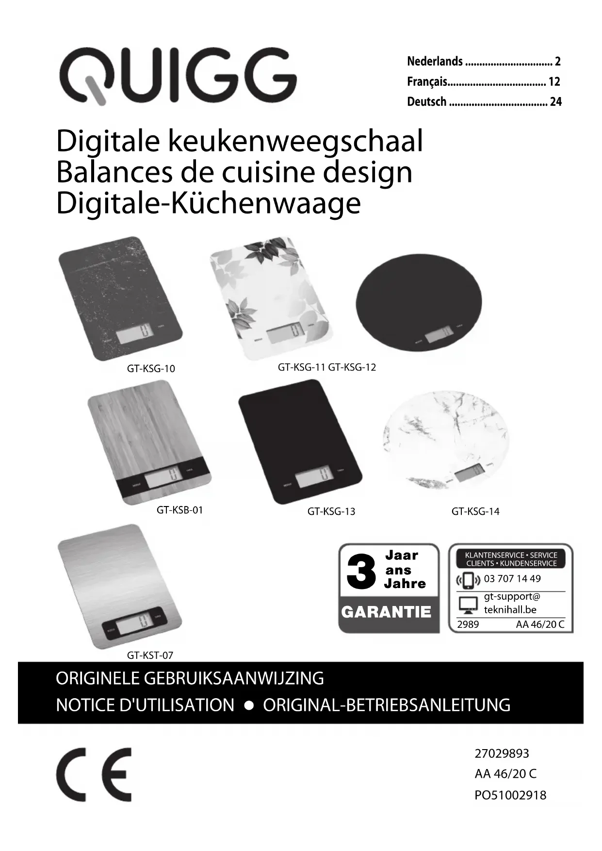 - Omgevingstemperatuur: +10 °C - 40 °C Omdat onze producten voortdurend verder ontwikkeld en verbeterd worden, zijn wijzigingen in het design en technische veranderingen mogelijk. Deze gebruiksaanwijzing kan ook als pdf-bestand van onze homepage www.gt-support.de worden gedownload. Fout Mogelijke oorzaak en remedie Werkt niet. - Is de weegschaal ingeschakeld? - Is de batterij leeg? De weegschaal geeft klaarblijkelijk ver- keerde weegresultaten weer. - Staat de weegschaal op een vaste, vlakke ondergrond? - Bevindt er zich in de buurt van de weegschaal een apparaat, dat elek- tromagnetische storingen kan ver- oorzaken? - Zet de weegschaal terug op de fabrieksinstellingen, zie pagina 8. In het display wordt „Err“ weergegeven. - De maximale capaciteit van de weegschaal van 6 kg werd over- schreden. In het display wordt „LO“ weergegeven. - De batterij is leeg, zie “Vervangen van de batterij”. Druckbuch Kuechenwaage BEL.book Seite 10 Dienstag, 12. Mai 2020 11:18 1111 Conformiteitsverklaring De conformiteit van het product met de wettelijk voorgeschreven normen wordt gewaarborgd. De volledige Conformiteitsverklaring vindt u op het internet op www.gt-support.de. Met dit symbool gemarkeerde producten voldoen aan alle toepasselijke Gemeenschapsvoorschriften van de Europese Economische. Druckbuch Kuechenwaage BEL.book Seite 11 Dienstag, 12. Mai 2020 11:18 1112 Sommaire Contenu de l'emballage p. 12
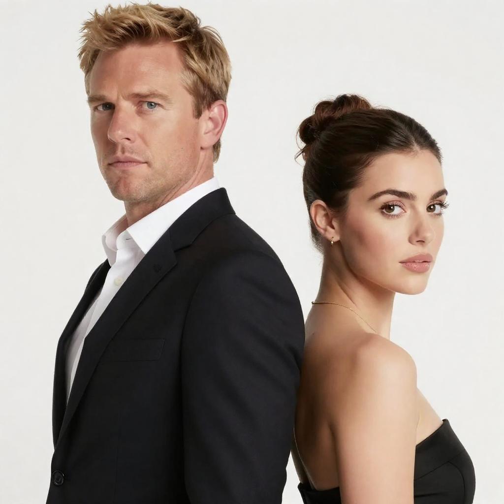 Close-up photograph of a blonde man wearing a light blue shirt and navy jacket standing behind a brunette woman with bangs, both with blue eyes and neutral to intense facial expressions. The background features a poster with black-and-white photos. The man is on the left and the woman is on the right in the frame.
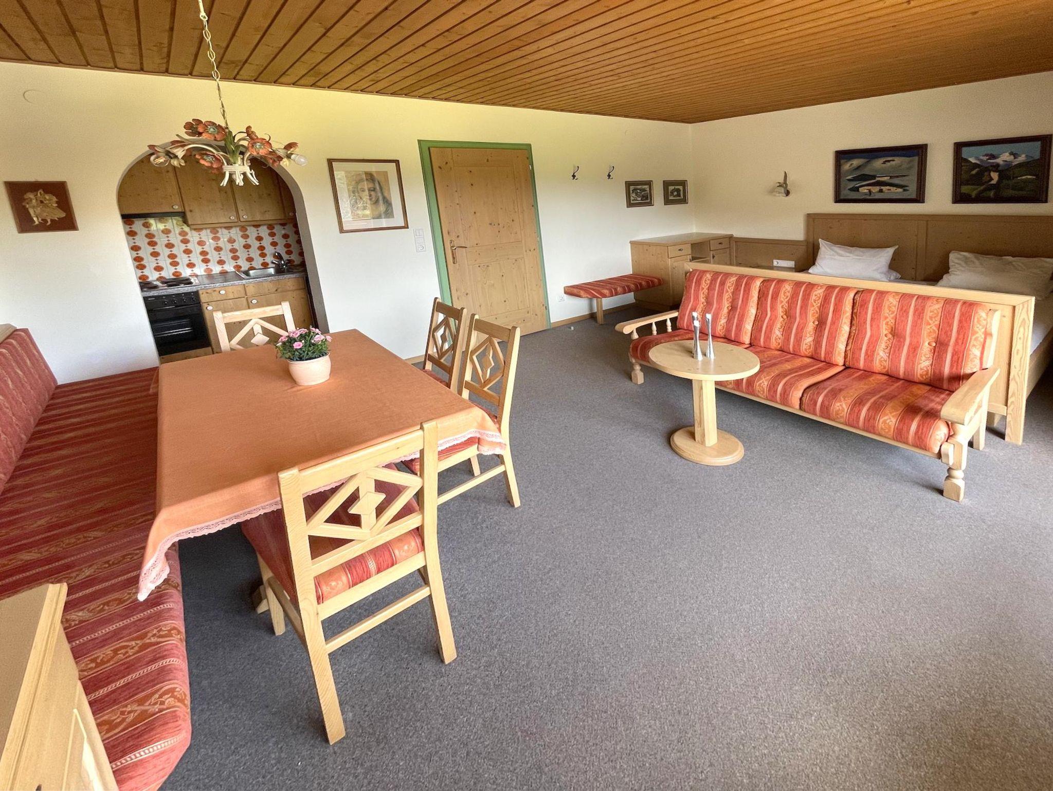 54 m², 1 Schlafzimmer, 1 Wohn-Schlafzimmer, Küche, Dusche/WC, Südbalkon, Südterrasse

______

* **What you need to do**:
What this calls for is a word-for-word copy of the listing above, pictures excluded.

* **Written answer**:
 - Omgevingstemperatuur: +10 °C - 40 °C Omdat onze producten voortdurend verder ontwikkeld en verbeterd worden, zijn wijzigingen in het design en technische veranderingen mogelijk. Deze gebruiksaanwijzing kan ook als pdf-bestand van onze homepage www.gt-support.de worden gedownload. Fout Mogelijke oorzaak en remedie Werkt niet. - Is de weegschaal ingeschakeld? - Is de batterij leeg? De weegschaal geeft klaarblijkelijk ver- keerde weegresultaten weer. - Staat de weegschaal op een vaste, vlakke ondergrond? - Bevindt er zich in de buurt van de weegschaal een apparaat, dat elek- tromagnetische storingen kan ver- oorzaken? - Zet de weegschaal terug op de fabrieksinstellingen, zie pagina 8. In het display wordt „Err“ weergegeven. - De maximale capaciteit van de weegschaal van 6 kg werd over- schreden. In het display wordt „LO“ weergegeven. - De batterij is leeg, zie “Vervangen van de batterij”. Druckbuch Kuechenwaage BEL.book Seite 10 Dienstag, 12. Mai 2020 11:18 1111 Conformiteitsverklaring De conformiteit van het product met de wettelijk voorgeschreven normen wordt gewaarborgd. De volledige Conformiteitsverklaring vindt u op het internet op www.gt-support.de. Met dit symbool gemarkeerde producten voldoen aan alle toepasselijke Gemeenschapsvoorschriften van de Europese Economische. Druckbuch Kuechenwaage BEL.book Seite 11 Dienstag, 12. Mai 2020 11:18 1112 Sommaire Contenu de l'emballage p. 12
 Close-up photograph of a blonde man wearing a light blue shirt and navy jacket standing behind a brunette woman with bangs, both with blue eyes and neutral to intense facial expressions. The background features a poster with black-and-white photos. The man is on the left and the woman is on the right in the frame.
 54 m², 1 Schlafzimmer, 1 Wohn-Schlafzimmer, Küche, Dusche/WC, Südbalkon, Südterrasse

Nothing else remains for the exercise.